A long tradition of some form of workplace “hazing”

The rookie this veteran decided to haze was a Stanford graduate, with parents who are Harvard graduates.

So, where do you think this is going?

The question comes up constantly in workplaces — and the NFL should be considered a workplace — that shouldn’t “some” hazing be allowed? It’s easy for all of us to say “NO!” It’s hard for us to know that in many, many instances, our positive-not negative workplace culture is built on many forms of hazing.

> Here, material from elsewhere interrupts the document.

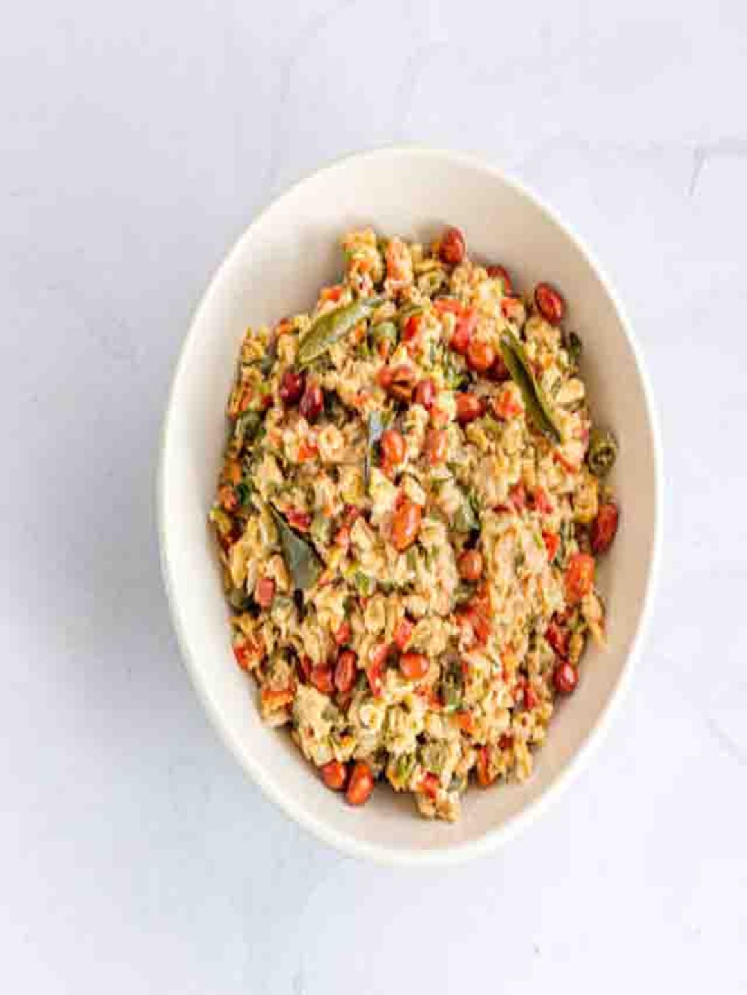 শুকনো লঙ্কা আর কারিপাতা দিন। এবার এটা ওটসের মিশ্রণের উপর ঢেলে দিন।

For example, Phil Knight, the Godfather of Nike, wrote that his own sales reps, called  “Ekins” (Nike backwards), all got Nike swoosh tattoos on their calf when they were hired. It wasn’t required, but if you wanted to “fit in,” you got one. Yes, it’s hazing at one of the largest, most successful companies in the world.

At my own company, we tell new recruiters that they have to use their first commission check to buy everyone a round of drinks — knowing that this check will never cover the amount of what that tab will be. (For the record, we just threaten this and don’t tell them the truth, but I always get the tab!)  It’s hazing, all the same.

A simple question you have to answer

I’m sure, as you read this, that you are thinking of things that happen in your own company, like,  “We decorate people’s cubes for their birthdays,” or, “We make the new employee stand up in a meeting and share their most embarrassing moment,” or, “We don’t let the new employees know when it’s jeans day.”  All harmless, all hazing.

So it comes down to one small question: Should you allow hazing or not?

Or do you just call it something different, like cultural norms, team building, trust exercises, initiation, rite of passage, a test of loyalty, etc.?

I wonder how many of us admonish this veteran Miami Dolphins player (who, for the record, isn’t a choir boy) as a monster, while we turn a blind-eye to what is going on in our own organizations?

Part of a societal norm

What is happening in Miami, and I’m sure many sports franchises, fraternities/sororities, college locker rooms, etc., is very similar to what is happening in the hallways of your office building, on the floor of your manufacturing facility, or in the sales bullpen and cube farm.

We allow hazing because it has become a societal norm. It’s the old, “Well, I went through it, and so should everyone else that comes after me.” “Getting the tattoo is part of ‘who’ we are.” “She’s ‘one’ of us; she gets it.”

This is what an NFL player was doing — he was simply doing what he was taught to do by those before him, by the culture he was working in. No controls; just culture.

The funny thing about culture is that “it” kind of  just happens. Yes, whether we like it or not, our culture happens.